Among these, the application of truffle spores is a common practice and can take several forms. For instance, a mixture of water and spores can be dispersed around the trees or applied to specific parts of the brûlé (the bare soil area around host trees). Solid mixtures are also used, prepared by crushing truffle fruiting bodies and blending them with a substrate such as vermiculite. These mixtures are then placed into “traps” — holes of varying sizes dug into the brûlé.
These spores are believed to promote the initiation of truffle sexual reproduction, ultimately leading to the formation of ascocarps (fruiting bodies) — a topic that will be further discussed in subsequent articles. Although time-consuming and potentially costly (due to the price of ascocarps), this practice is widespread among truffle growers, even though its scientific evaluation has been relatively limited.
To rigorously assess the technique’s effectiveness, researchers must partner with truffle growers capable of implementing long-term experiments with consistent and reliable data collection.
It is thanks to such a collaboration that Claude Murat and colleagues were able to evaluate the “Bonneau” inoculation method, developed by Lucien Bonneau.
In this study, published in 2016 in the Italian Journal of Mycology, the authors analyzed the results of a field trial conducted in a 3.5-hectare truffle orchard in southwest France. The orchard was planted in 2007 with 954 downy oaks (Quercus pubescens) inoculated with Tuber melanosporum when they were one to two years old.
Out of the entire orchard, 196 trees were selected in March 2013 for the installation of truffle traps using the Bonneau method. Four pits, each 20 cm wide and 5 to 8 cm deep, were dug at a distance of 50 cm from the trees, in the four cardinal directions. Each pit received 250 mL of a substrate composed of 250 g of frozen T. melanosporum ascocarps, 350 g of honey, 50 L of horticultural vermiculite, and 50 L of compost.
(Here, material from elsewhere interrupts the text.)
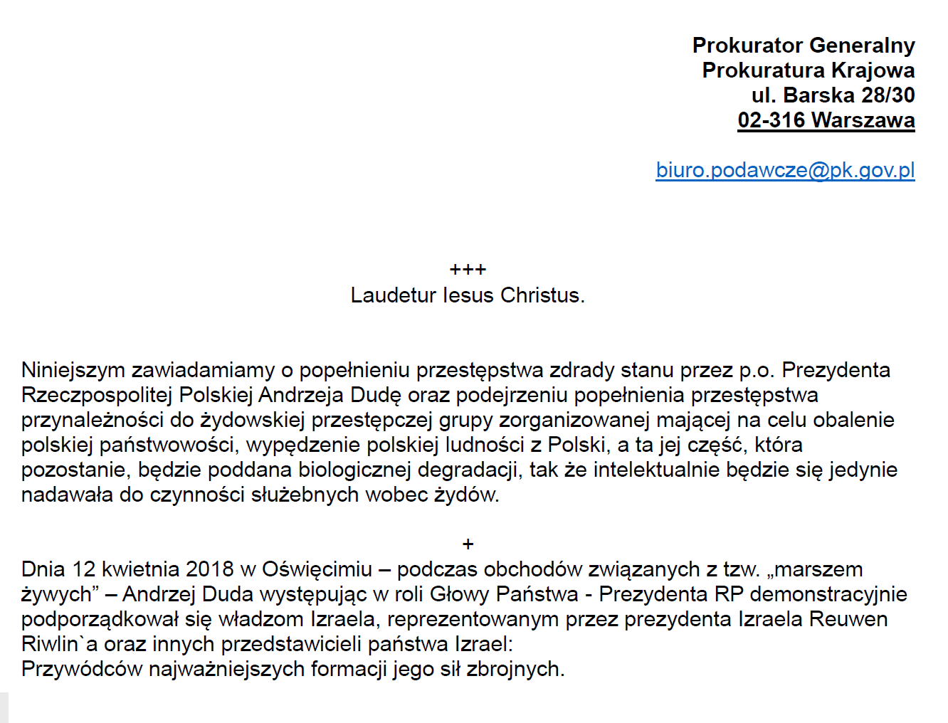 Zawiadomienie do prokuratury: A. Duda - zdrada stanu ...(+Pugna+)... - w barwach „Izraela”, a Żydaera faktycznie, bo to jest właściwa nazwa dla tej społeczności ludobójców. Co więcej, Andrzej Duda oprowadził symbolicznie zebranych sześciu głównych przedstawicieli państwa ...Created on 18 April 2018
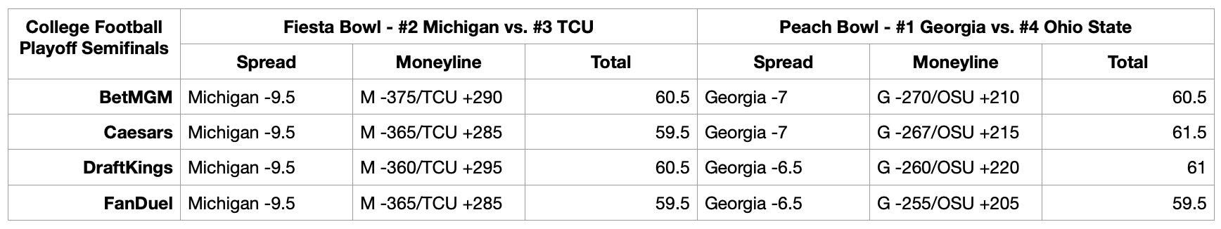 While the official pairings weren’t announced until shortly after noon ET Sunday, FanDuel had spreads posted hours before the reveal. They listed Michigan as a 9.5-point favorite over TCU and Georgia as a 6.5-point favorite over Ohio State.

Once the mixture was placed at the bottom of each pit, the original soil was carefully replaced to complete the inoculation process. Harvest data from the 2012/2013, 2013/2014, 2014/2015, and 2015/2016 seasons were meticulously recorded and analyzed. These data allowed for a comparison between:
1 – Trees with and without traps
2 – The inoculated surface (area of the four traps) and the non-inoculated brûlé surface.
Although the first truffles were harvested during the 2012/2013 season (five years post-planting), yields remained very low during the first two years (30 g in 2012/2013 and 2 kg in 2013/2014). As a result, the authors focused their analysis on the 2014/2015 and 2015/2016 seasons.
In 2014/2015, production significantly increased, reaching around 27 kg of truffles in the entire orchard. Of this total, trees equipped with traps yielded 11.8 kg — an average of 61 g per tree. This was three times higher than trees without traps, which averaged 20 g per tree.
However, when considering only the productive trees, there was no significant difference between the two groups: inoculated trees produced an average of 208 g of truffles, while non-inoculated trees produced 200 g on average. In other words, once a tree began producing, it yielded roughly the same amount whether or not it had traps.
Interestingly, the location of the truffles varied significantly. Around inoculated trees, truffles were overwhelmingly harvested from the traps themselves — 96% of them in the 2014/2015 season. Some traps yielded more than ten truffles, and harvesting four truffles per trap was common. Notably, these traps occupied only about 5% of the total brûlé surface. When normalized by area, the yield of inoculated zones was far higher: 362 g/m² versus only 0.9 g/m² in non-inoculated areas.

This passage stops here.